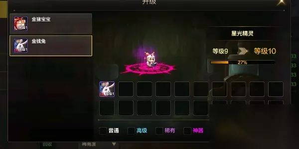 二、宠物品质 宠物可以分为五个品质,普通、高级、稀有、神器、史诗。品质越高所升级的难度也会越大,宠物等级越高所有需要的材料也越多。 三、宠物经验获取 1、从趣味夺宝中抽经验宝宝可以作为升级材料,宠物本身也可以作为升级材料。
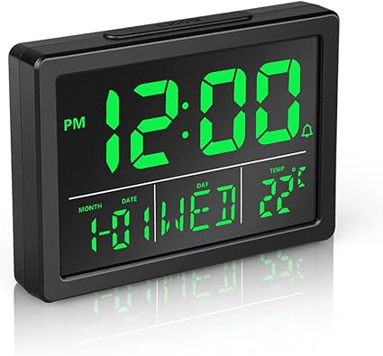 Amazon Co Jp デジタルled時計 目覚まし時計 置き時計 卓上時計 温度表示 カレンダー表示 明るさ調整 調光可能 大画面 アラーム機能 音声制御機能 スヌーズ機能付き 防水 大音量 Usb充電 省エネ 寝室 オフィス 旅行用 プレゼント グリーン ホーム キッチン
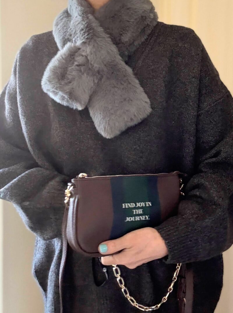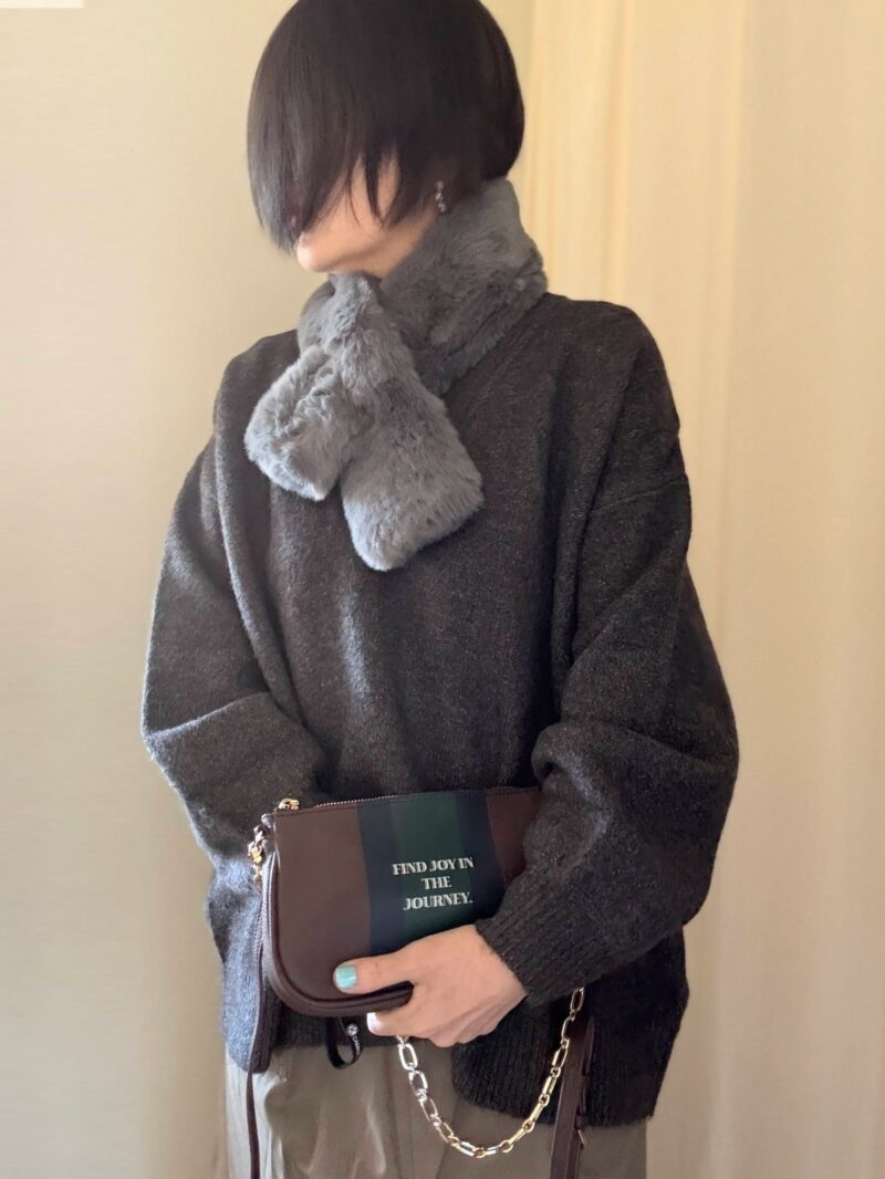 胸元寒いかも・・・と思ってエコファーのマフラーを。ニットと色合わせ。
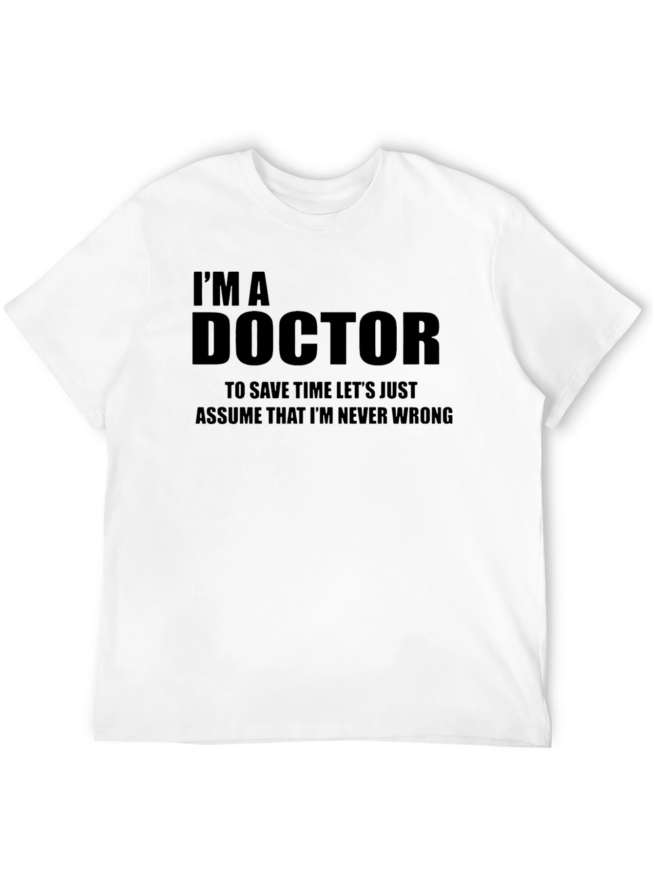 This stylish black t-shirt makes a bold statement. Featuring the phrase 'I'M A DOCTOR' in prominent lettering, followed by the humorous line 'TO SAVE TIME LET'S JUST ASSUME THAT I'M NEVER WRONG.' This tee is perfect for doctors with a sense of humor. The shirt appears to be made from a comfortable, breathable fabric, ensuring a great fit and feel. It's a great conversation starter, ideal for wearing to work, casual outings, or even at home. Show off your profession with this unique and fun design. Guaranteed to turn heads and bring a smile to everyone's face.

-------

-- Activity --
Leave out any pictures, please, and quote only the lines from the top of the data through the line that contains "胸元寒いかも・・・と思ってエコファーのマフラーを。ニットと色合わせ。".

-- Response to this task --
 二、宠物品质 宠物可以分为五个品质,普通、高级、稀有、神器、史诗。品质越高所升级的难度也会越大,宠物等级越高所有需要的材料也越多。 三、宠物经验获取 1、从趣味夺宝中抽经验宝宝可以作为升级材料,宠物本身也可以作为升级材料。
 Amazon Co Jp デジタルled時計 目覚まし時計 置き時計 卓上時計 温度表示 カレンダー表示 明るさ調整 調光可能 大画面 アラーム機能 音声制御機能 スヌーズ機能付き 防水 大音量 Usb充電 省エネ 寝室 オフィス 旅行用 プレゼント グリーン ホーム キッチン
 胸元寒いかも・・・と思ってエコファーのマフラーを。ニットと色合わせ。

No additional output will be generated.